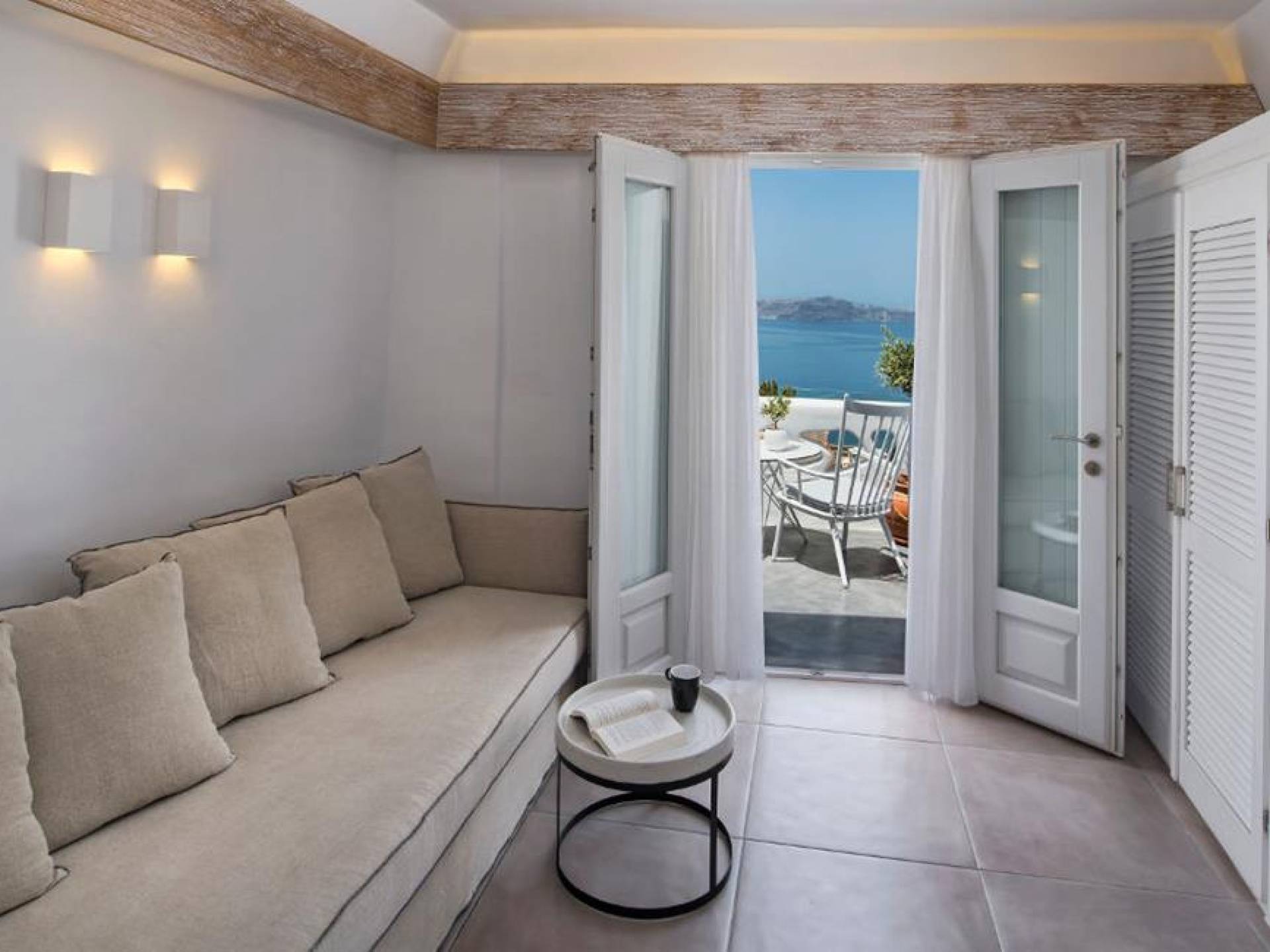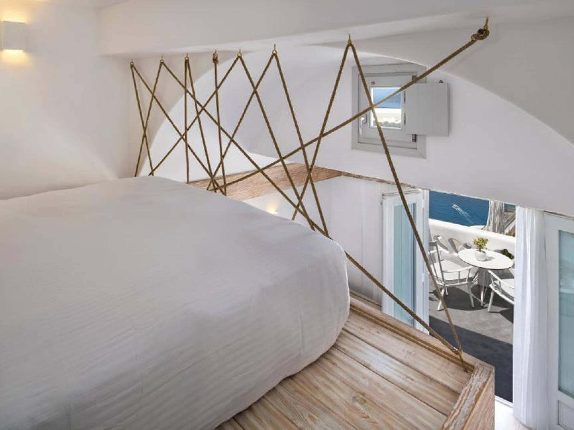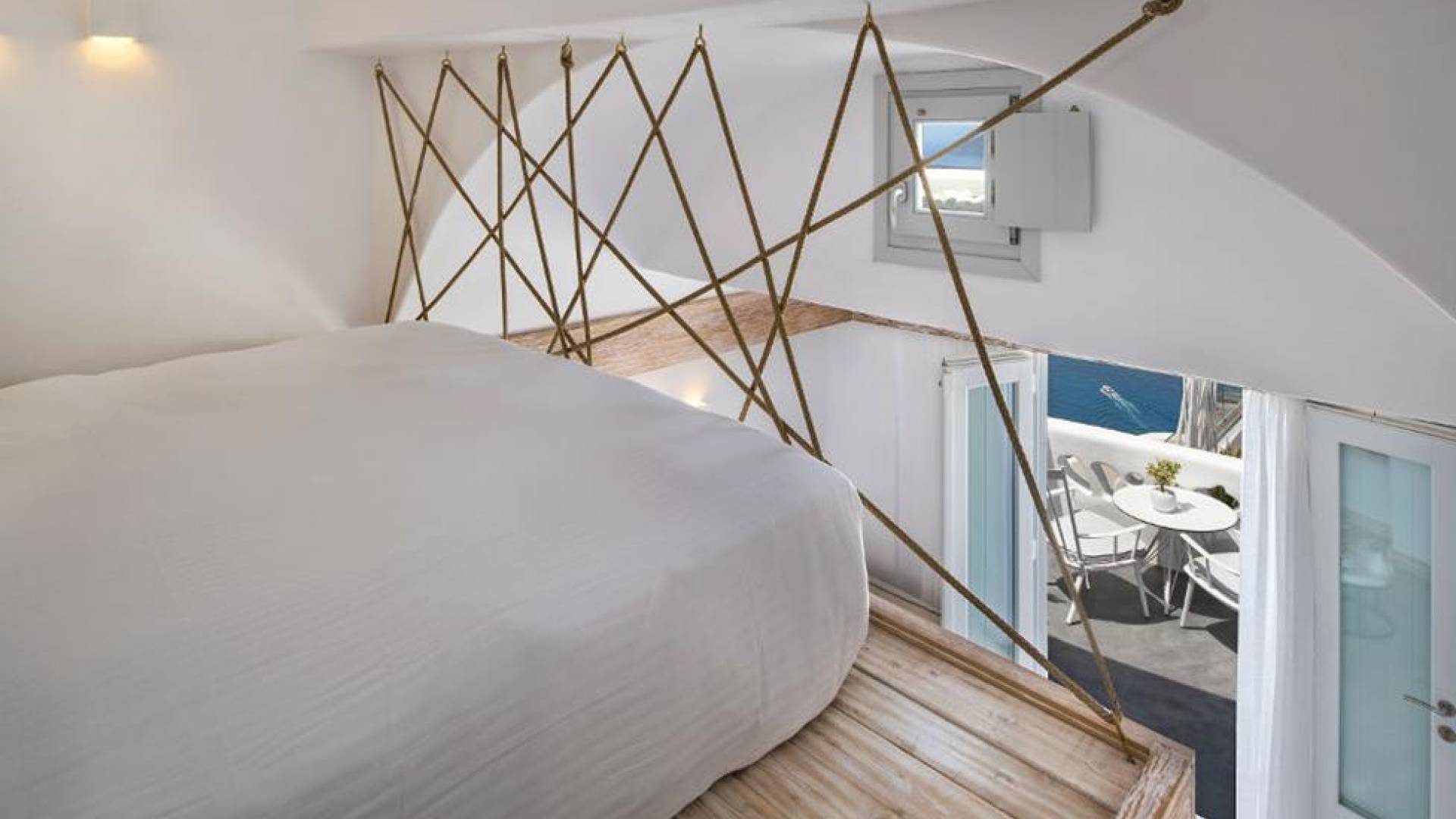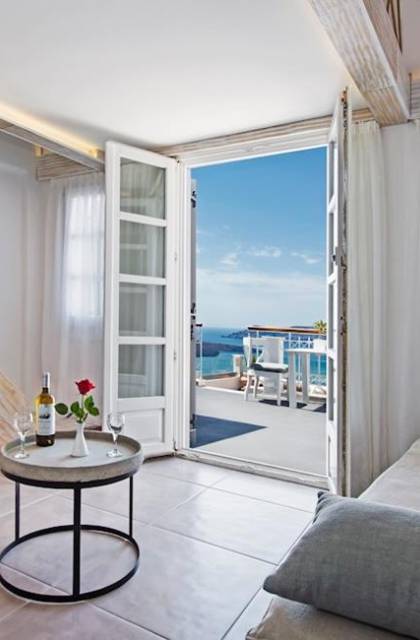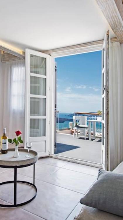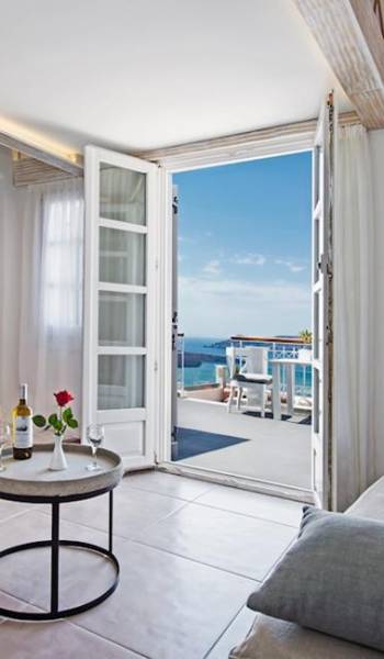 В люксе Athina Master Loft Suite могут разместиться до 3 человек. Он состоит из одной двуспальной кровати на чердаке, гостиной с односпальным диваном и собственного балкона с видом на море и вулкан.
==
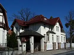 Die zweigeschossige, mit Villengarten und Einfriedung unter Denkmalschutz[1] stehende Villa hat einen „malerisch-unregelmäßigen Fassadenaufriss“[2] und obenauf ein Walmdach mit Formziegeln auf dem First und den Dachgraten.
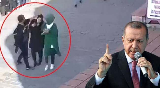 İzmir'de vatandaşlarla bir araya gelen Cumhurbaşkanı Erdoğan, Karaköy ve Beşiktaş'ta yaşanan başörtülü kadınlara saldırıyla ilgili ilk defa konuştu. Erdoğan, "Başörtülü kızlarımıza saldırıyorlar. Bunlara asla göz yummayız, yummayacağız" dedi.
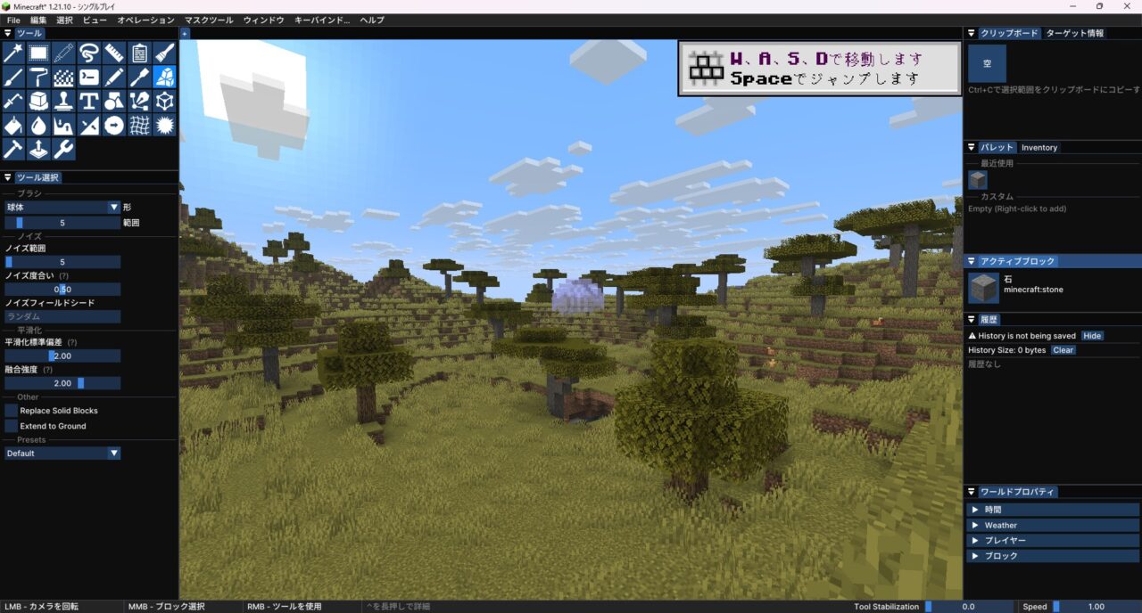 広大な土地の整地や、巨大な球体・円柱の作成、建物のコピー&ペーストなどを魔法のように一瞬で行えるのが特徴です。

_Exercise goal:_
In the entries above, which lines run from the one with "İzmir'de vatandaşlarla bir" up to and including the one with "広大な土地の整地や、巨大な球"? Write them out exactly, without the pictures.

_Task result:_
 İzmir'de vatandaşlarla bir araya gelen Cumhurbaşkanı Erdoğan, Karaköy ve Beşiktaş'ta yaşanan başörtülü kadınlara saldırıyla ilgili ilk defa konuştu. Erdoğan, "Başörtülü kızlarımıza saldırıyorlar. Bunlara asla göz yummayız, yummayacağız" dedi.
 広大な土地の整地や、巨大な球体・円柱の作成、建物のコピー&ペーストなどを魔法のように一瞬で行えるのが特徴です。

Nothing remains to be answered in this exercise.